Aug 14th 2011
What if I told you I knew a way for the government to provide a $1 trillion stimulus to our economy and it would not cost taxpayers a penny (in fact, it would create a huge windfall of new tax revenue) – would you be interested in learning more?
It sounds too good to be true, right? Well, actually no, it is available to us right now, but it has become very political (hard to imagine anything in Washington DC becoming politicized).
U.S. companies have over $1 trillion of offshore earnings that have never been taxed in this country. Nearly all industrialized nations apply a "territorial tax system" in which companies with operations or affiliates abroad pay only the taxes imposed on profits by the host country. So in Sweden, England, and China multinational companies can, in most cases, ship earnings home with little or no extra tax imposed.
American companies pay foreign taxes, some of which they can offset against their U.S. tax liability. But any funds they return (i.e. repatriate) - to buy back stock, build a plant, pay a dividend - get hit with U.S. corporate taxes, which reach as high as 35% at the federal level, the second highest in the developed world.
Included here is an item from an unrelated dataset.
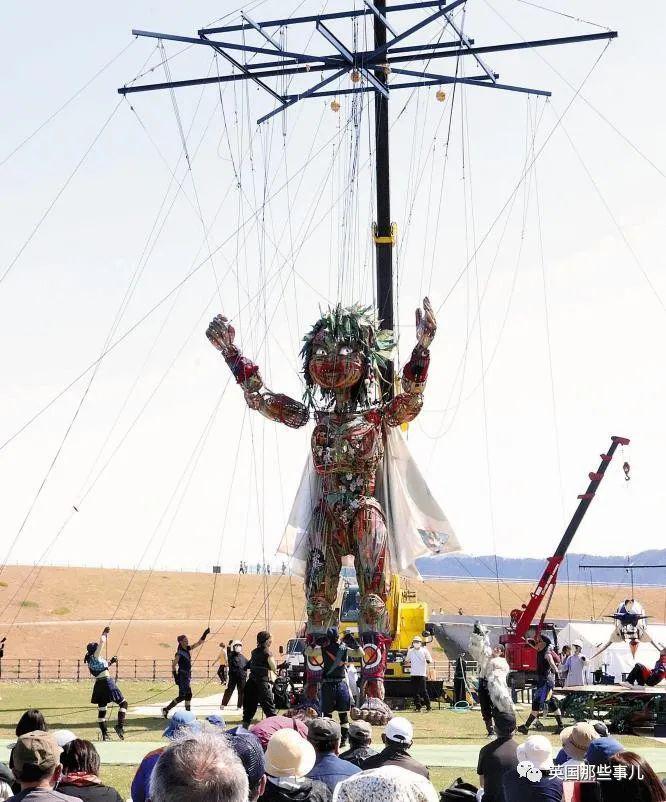 人偶 "Mocco" 由 2011 年东日本大地震灾区岩手、宫城、福岛的居民设计底稿,再由人偶大师泽则行牵头制作,用竹子等材料完成这 10 米巨型人偶。
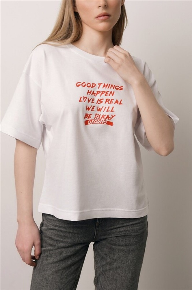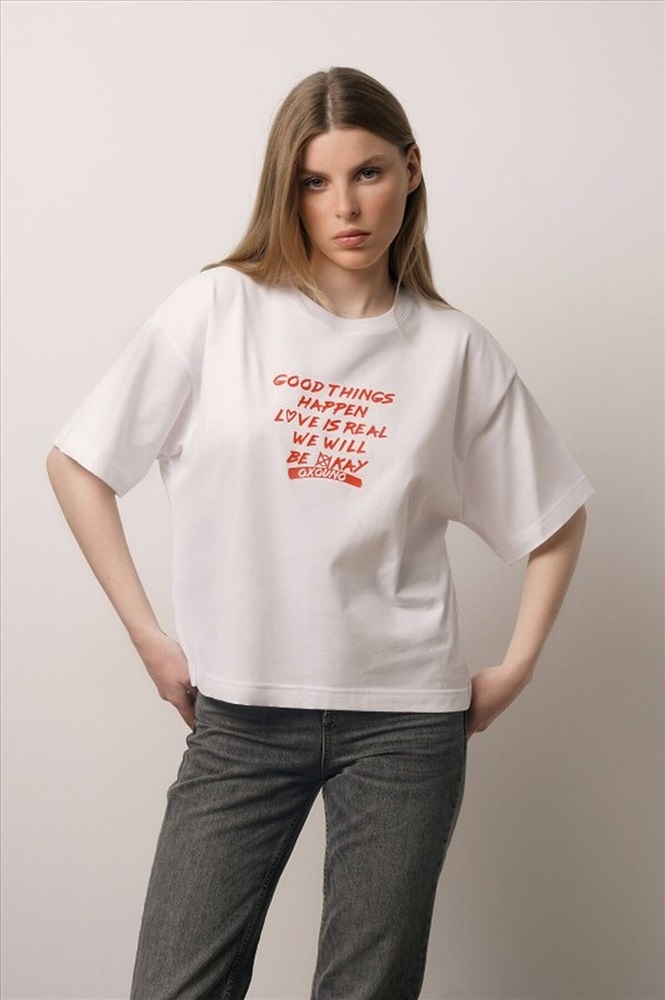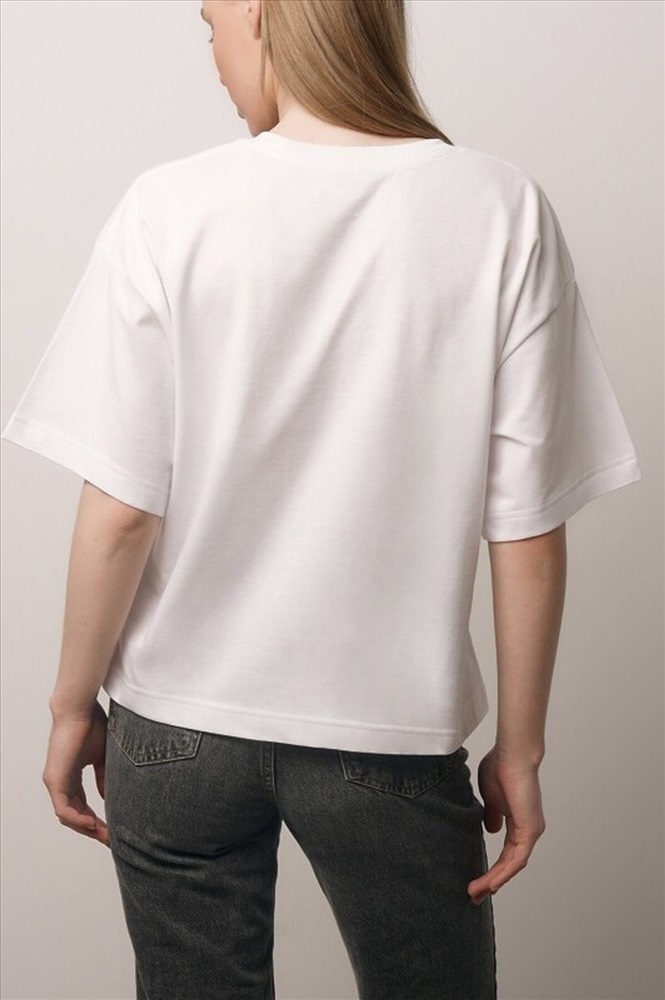 ID товара: 1129423 Состав: Хлопок 100% Сезон: Весна/Лето Длина: Укороченная Фасон: Свободный крой Рукав: короткие Вырез горловины: Округлый Рисунок: Надпись Декоративные элементы: Принт Основная ткань: Хлопок Стиль: повседневный Страна бренда: Россия Страна производства: Россия Укороченная футболка, спущенное плечо. Укрепление плечевых швов и шва горловины бейкой из основной ткани. Горловина из рибаны. Комментарии к товару

This additional tax is a tremendous disincentive for these corporations to bring this money back to our country. Every member of congress would love to have this money pour into our country to boast our economy. The $1 trillion question is – do we give these corporations a tax break to return this capital and if so, how much?
There have been discussions on Capitol Hill to allow a one year “tax break” to allow those profits to come back and be taxed at 5.25% as opposed to the normal 35%. Of course, those on the right think this is good policy and would love to see this repatriation tax holiday made permanent, while those on the left hate the idea of giving another huge tax break to big business.
What do you think? Should we be giving a repatriation tax holiday or make it permanent?